The bar jack is of minor to intermediate importance to fisheries through its range; both commercially and to recreational fishermen. Archaeological evidence from San Salvador Island in the Bahamas demonstrates this species has long been targeted by humans for food, with the native Indians of the region often taking the bar jack for consumption, although it was of lesser importance than reef fishes such as parrotfishes and groupers. Modern fisheries take considerable quantities of the fish, but it rarely makes up the bulk of the catch. Catch statistics are not available for most countries. The United States reports only a small catch of between 0 and 15 tonnes per year, but with the abundance of the species in the Caribbean, larger catches are made here. The bar jack is somewhat shy of baited hooks and is therefore taken predominantly by trawls and seines. It is marketed fresh in the Antilles and Bahamas, with its edibility rated fair to very good.

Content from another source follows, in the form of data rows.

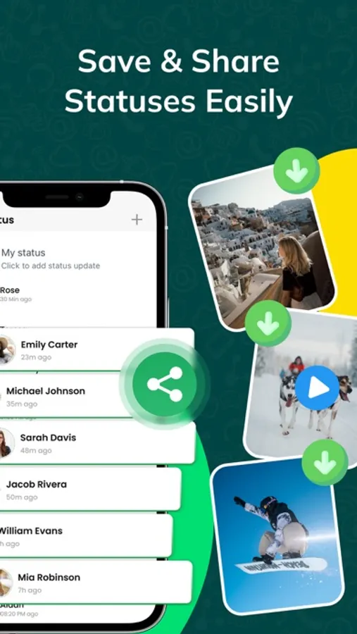 Easily download and save WhatsApp status images and videos from your contacts. Repost, share, or keep them forever – no screenshot or screen recording needed!
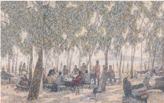 刘育菁(中国台湾) 珍珠湾的星期六下午 110×175cm 水彩、粉画 2023年
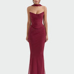 Elegantna i upečatljiva haljina bez naramenica s prilagođenim krojem koji ističe siluetu. Drapirane detalje na dekolteu i vezanje u stilu korzeta u struku dodaju ženstvenost i luksuz, dok maxi dužina pruža bezvremensku sofisticiranost. Idealna za večernje izlaske i svečane prigode.
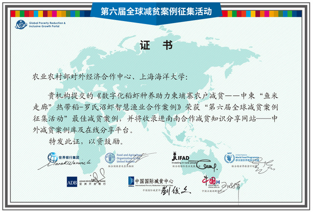 “全球减贫案例征集活动”最佳减贫案例是全球减贫与乡村发展领域极具影响力的国际奖项。第六届活动自2024年10月启动以来,吸引了40个国家和地区的840篇案例参与申报,经7家发起机构共同评审。我校在柬工作从全球众多案例中脱颖而出,展示了我校在全球减贫事业中的责任担当,也进一步扩大了我校水产养殖技术、水产养殖装备与数字化技术在全球特别是东南亚的影响力。

The bar jack is a popular light tackle game fish, taken predominantly on small lures and flies, with the species considered to be an excellent fighter on light tackle. The species is often sighted working small baitfish to the surface, where they can be targeted with surface poppers or various fly patterns. As mentioned previously, they rarely take baited hooks. The species is often used as bait for larger game fish such as marlin and sailfish. The IGFA All Tackle World Record for the species stands at 7 lb 5oz (3.32 kg) jigged up off Martim Vaz Island, Brazil by Fernando de Almeida in May 2012. The previous world record was caught off of Key West, Florida. Identification of large Bar Jack is complicated by their close resemblance to Yellow Jack which grows to a much larger size, up to 30 lbs.
The bar jack has a significant risk of carrying the ciguatera toxin in its flesh, and numerous reports of people contracting the poisoning after consuming the fish. A comprehensive study of the toxin in the West Indies listed the bar jack as a species of intermediate risk of carrying the toxin,
although most cases in St. Thomas of the Virgin Islands can be traced back to the bar jack.